Surprises at the opening of the US market combined with a weakening dollar produce confusing conditions for holders.

Bitcoin (BTC) fell at the open on Wall Street on April 29 as US markets opened to volatility, including an 11% drop in Amazon shares.

Data from Cointelegraph Markets Pro and TradingView confirmed that the BTC/USD pair dipped to $38,622 on Friday from Bitstamp.

Despite a decline in the relentless US dollar bull run, Bitcoin showed few signs of strength as it held firmly below $40,000.

Everything Changes at the Fed

Macro factors held up against the largest cryptocurrency along with risk assets in general, commentators noted, as the Federal Reserve reduced its balance sheet.

On Twitter, Holger Zschaepitz, market maniac and author of ‘Schulden ohne Sühne?’ a book on states’ addictiveness to debt, posted that, “the start of #Fed deleveraging? Fed balance sheet has shrunk for the 2nd consecutive week. Total assets now at $8,939bn, equal to 36.6% of US’ GDP vs ECB’s 82% or BoJ’s 137%”.

For Amazon, meanwhile, the pain was immediately apparent, as missing earnings targets resulted in AMZN’s biggest intraday loss in eight years.

The S&P 500 was down 1% at the time of writing, while the Nasdaq 100 was down 0.9%.

Focusing on Bitcoin, popular trader and analyst Rekt Capital argued that the RSI might need to form a higher low and bounce to provide the market with the momentum for a short-term breakout. On Twitter, he posted that, “BTC ultimately rejects at this resistance. Now pulling back. Could BTC find a base and then rebound once the RSI Higher Low has been revisited?”

Whales Buy Again at the Bear Market Floor

Meanwhile, in its latest chart update on whale behavior, data from on-chain analytics platform Whalemap showed that buying behavior echoes the bottom of the late-2018 bear market.

According to their data, whales with balances between 1,000 and 10,000 BTC are busy accumulating BTC to the extent that they were when the BTC/USD pair hit $3,100 in December of that year. The volumes even exceed those of the $3,600 crash in March 2020.
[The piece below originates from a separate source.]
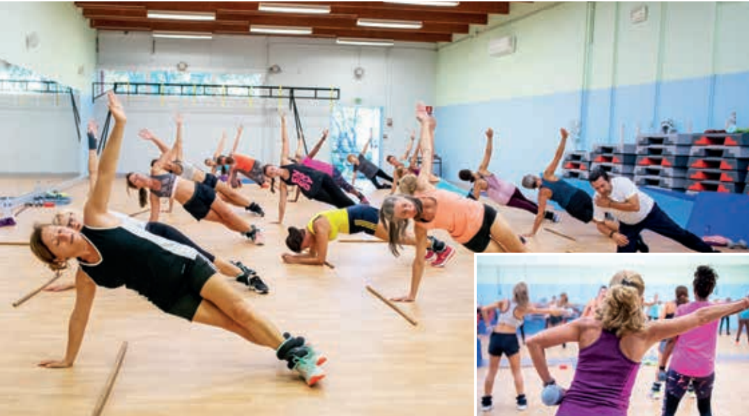
Les adeptes du fitness trouvent en cette nouvelle saison à l'AMSLF un lieu de pratique idéal et confortable

Chacun chez soi, et tout le monde est content !
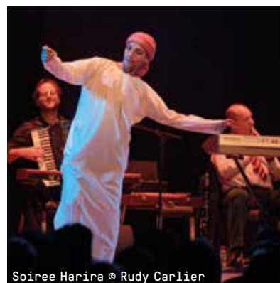
Soirée Harira

De Britse singer-songwriter Charlie Cunningham combineert zijn intieme fluisterstem met Zuiders percussief gitaarspel. Voor de liefhebbers van Nick Mulvey, Jose Gonzalez, Ben Howard en Bon Iver. De Noorse zangeres Siv Jakobsen debuteert met The Nordic Mellow .

“Whales are hoarding as much Bitcoin today as they were at the $3,000 lows,” commented analyst and indicator creator Charles Edwards.

“These are supports with approx. $40M – $400M in your wallets today. In 2018, that was $4 million – $40 million (but there were no ‘institutions’ at the time, either).”

This week, Whalemap published a map of Bitcoin’s realized price ordered by wallet size as a basis for its potential price target. The realized price shows what price each Bitcoin last moved at, making $25,000 to $27,000 a key trading point for buyers and sellers.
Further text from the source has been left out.